Instructions to follow ▸ From the entries below, write out exactly the lines between the line holding "The 15 contributions" and the line holding "körkötött, környakas, rövid", inclusive, excluding any pictures.

Extracted material ▸
<<<<
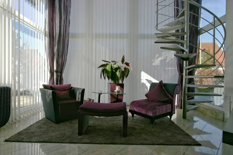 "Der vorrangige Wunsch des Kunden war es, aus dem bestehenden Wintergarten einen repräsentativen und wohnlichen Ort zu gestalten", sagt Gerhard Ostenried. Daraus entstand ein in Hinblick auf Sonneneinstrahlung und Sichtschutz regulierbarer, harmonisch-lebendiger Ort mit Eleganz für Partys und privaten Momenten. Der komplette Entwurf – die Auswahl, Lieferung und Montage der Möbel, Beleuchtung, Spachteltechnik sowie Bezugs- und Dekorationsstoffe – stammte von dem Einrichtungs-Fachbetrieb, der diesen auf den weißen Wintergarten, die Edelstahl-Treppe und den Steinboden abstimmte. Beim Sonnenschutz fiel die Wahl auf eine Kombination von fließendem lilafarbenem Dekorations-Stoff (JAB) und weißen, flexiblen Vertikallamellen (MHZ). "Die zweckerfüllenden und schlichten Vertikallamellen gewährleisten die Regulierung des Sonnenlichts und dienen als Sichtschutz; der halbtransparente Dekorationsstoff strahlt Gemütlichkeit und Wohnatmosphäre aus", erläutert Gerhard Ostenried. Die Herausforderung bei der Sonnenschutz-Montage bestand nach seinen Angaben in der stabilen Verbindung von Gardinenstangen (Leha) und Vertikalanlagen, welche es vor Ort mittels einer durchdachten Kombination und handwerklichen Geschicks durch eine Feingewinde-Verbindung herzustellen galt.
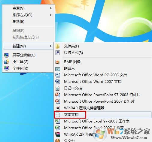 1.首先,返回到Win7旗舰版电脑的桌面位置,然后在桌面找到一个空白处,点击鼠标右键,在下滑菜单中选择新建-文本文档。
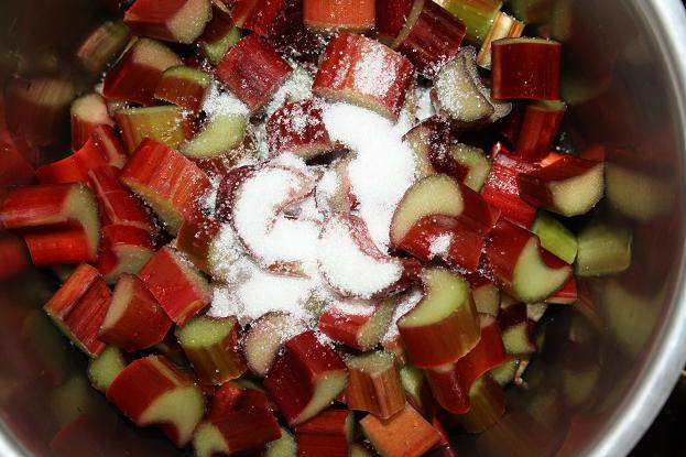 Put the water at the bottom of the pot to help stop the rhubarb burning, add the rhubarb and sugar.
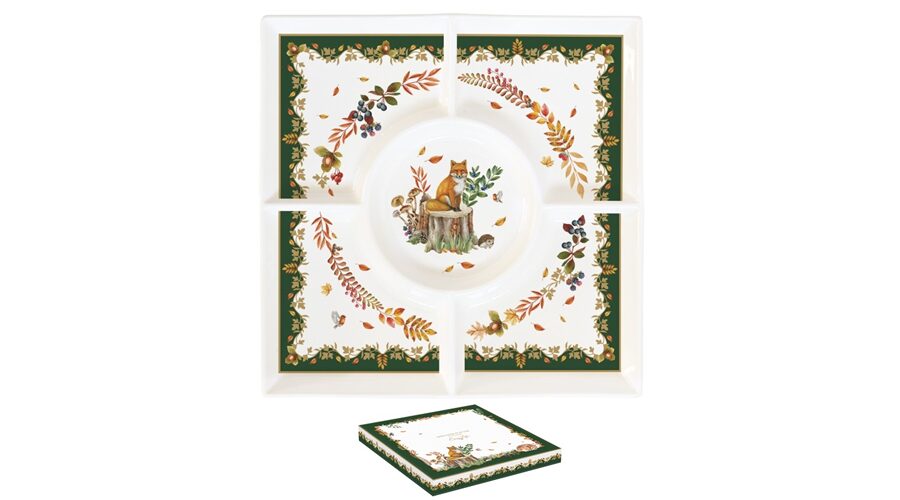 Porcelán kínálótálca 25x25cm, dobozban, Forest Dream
>>>>
<<<<
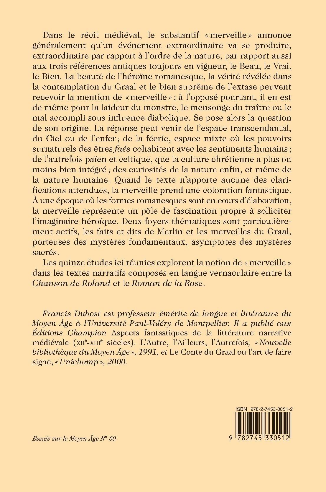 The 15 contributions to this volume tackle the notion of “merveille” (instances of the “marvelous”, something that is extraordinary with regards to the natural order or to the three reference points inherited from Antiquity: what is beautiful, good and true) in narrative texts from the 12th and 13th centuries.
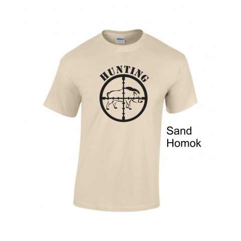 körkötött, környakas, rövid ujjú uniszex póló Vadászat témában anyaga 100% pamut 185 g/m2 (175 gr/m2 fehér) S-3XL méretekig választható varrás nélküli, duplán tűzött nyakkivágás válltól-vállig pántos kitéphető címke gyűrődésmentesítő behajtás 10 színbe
>>>>
Answer to this task ▸
 The 15 contributions to this volume tackle the notion of “merveille” (instances of the “marvelous”, something that is extraordinary with regards to the natural order or to the three reference points inherited from Antiquity: what is beautiful, good and true) in narrative texts from the 12th and 13th centuries.
 körkötött, környakas, rövid ujjú uniszex póló Vadászat témában anyaga 100% pamut 185 g/m2 (175 gr/m2 fehér) S-3XL méretekig választható varrás nélküli, duplán tűzött nyakkivágás válltól-vállig pántos kitéphető címke gyűrődésmentesítő behajtás 10 színbe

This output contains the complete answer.